For the stay-at-home spouse it's still a choice with pre-known potential disadvantages, and thus smart couples can draw a contract at the decision time to even out the tally. They can split the income of the high-earning parent at point each month, or they can formulate a mechanism to give the stay-at-home spouse a higher proportion of the combined assets in case of a divorce, and have that indexed by the number of years that spouse remained home, or anything else that works out well. It's all doable so that upon a divorce both spouses get their fair share.

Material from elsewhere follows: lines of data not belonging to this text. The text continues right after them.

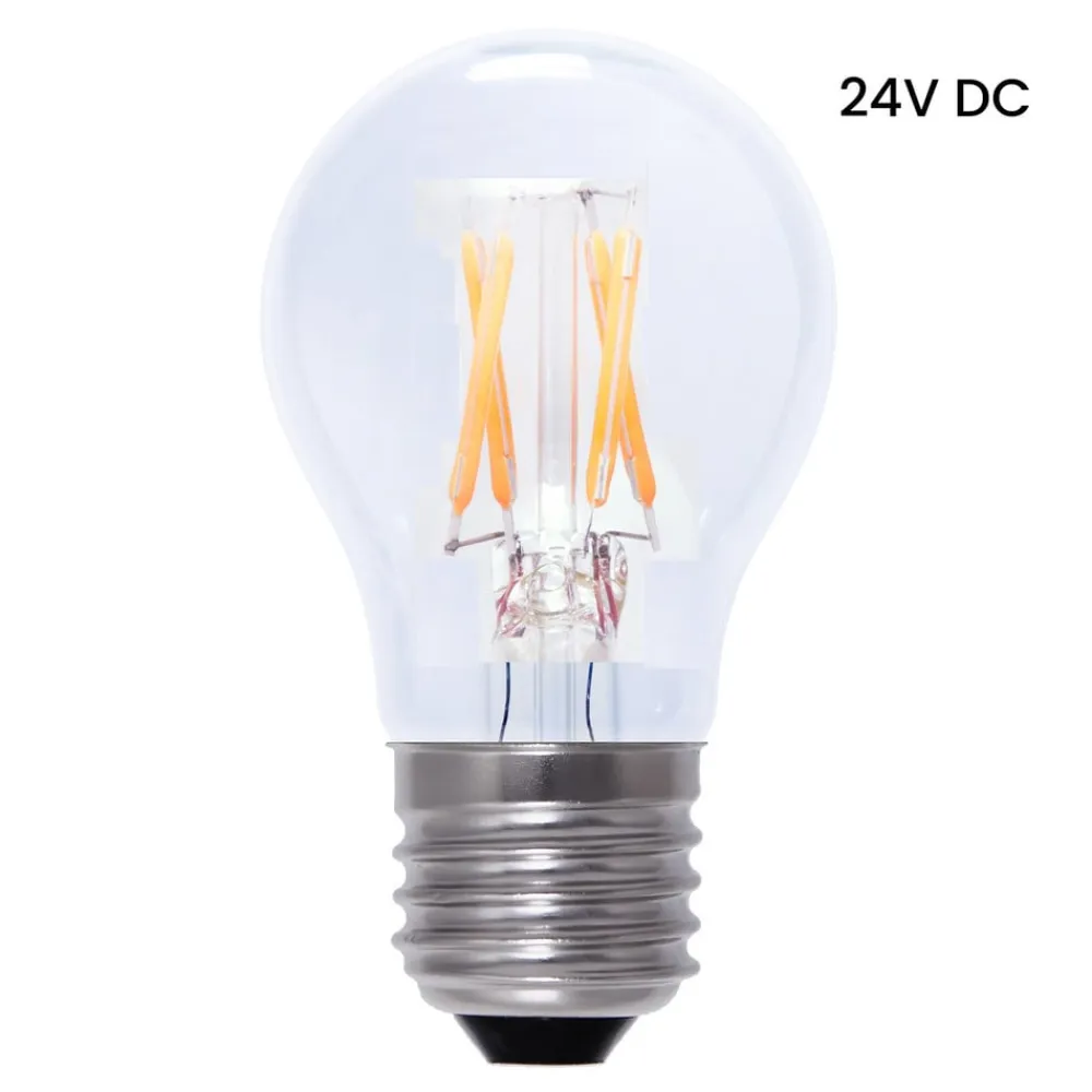 LED-filamentpære E27 3W 2.700K dæmpbar til 24V-netforsyning Denne LED-pære med klart glas og synlige LED-filamentpærer er en del af Segulas Nautic Line og er specielt udviklet til brug i 24V-netforsyningen. Den kan bruges direkte på f.eks. husbåde, i autocampere eller campingvogne uden brug af en omformer og giver varmhvid belysning. Pæren er udstyret med ambient dimming, så farvetemperaturen falder, når man dæmper (2.700 K – 2.000 K). OBS: Pæren kan ikke bruges i 230V-nettet.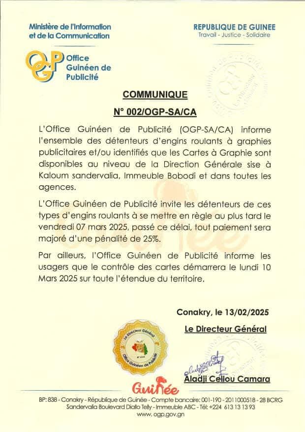 La Direction Générale de l’Office Guinéen de Publicité (OGP), avait à travers un communiqué N°002/OGP-SA/CA, en date du 13 février 2025, informé les détenteurs d’engins roulants à Graphie publicitaires et/ou identifiés que le contrôle des cartes démarrera le lundi 10 mars 2025. Et à partir de ce samedi, une pénalité de 25% qui s’applique sur le prix de chaque carte.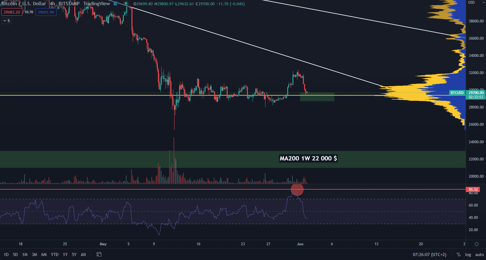 Dlhodobý support, ktorý sledujem, je na týždennom MA200. Ten predstavuje hodnotu okolo 22 000 $ a v čase rastie. V minulosti predstavoval absolútne dná korekcií. Krátkodobo však cena môže spadnúť aj pod tento indikátor.

The worst thing is not to pre-plan anything, then get divorced at once and find yourself in a completely new situation with no preparations. But there's nothing that prevents either partner from being proactive regarding this. The law doesn't need to enforce any hand-holding here: it's not the fifties anymore. Most people, both men and women, have their own career and get married as adults and divorce as adults.

odiroot|4 years ago

> i get it but in reality in many families someone is sacrificing their career for the family unit.

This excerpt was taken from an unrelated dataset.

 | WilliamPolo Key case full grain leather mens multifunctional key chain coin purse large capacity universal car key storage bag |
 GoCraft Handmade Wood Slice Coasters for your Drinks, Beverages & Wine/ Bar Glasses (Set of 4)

Is this some "western developed country" thing that I just don't get?

All throughout my childhood, both of my parents had to work. Otherwise they wouldn't have been able to support me and my sister. But I was growing up in an (post-) communist state and it was quite the norm.

It had nothing to do with ambitions or building your career, just pure economics.

tsol|4 years ago

Agreed, this seems like an older relic. If anything you see this situation more often in non- western countries where women aren't as involved in the workforce. In America, for example, it's not uncommon that not only do both spouses work, but they both must work to support the family. The assumption that one spouse is unable to work feels like a rather dated convention. I'm not saying it doesn't happen, it certainly does, but it's no longer the default.

Leherenn|4 years ago

Who took care of you? Given it's an ex-communist country, I wouldn't be surprised if child care was cheap/free.

Here in Switzerland, "full-time childcare costs are around two-thirds of an average Swiss salary" apparently, so quite often people prefer to do it themselves rather than work mostly to pay someone to take care of their child.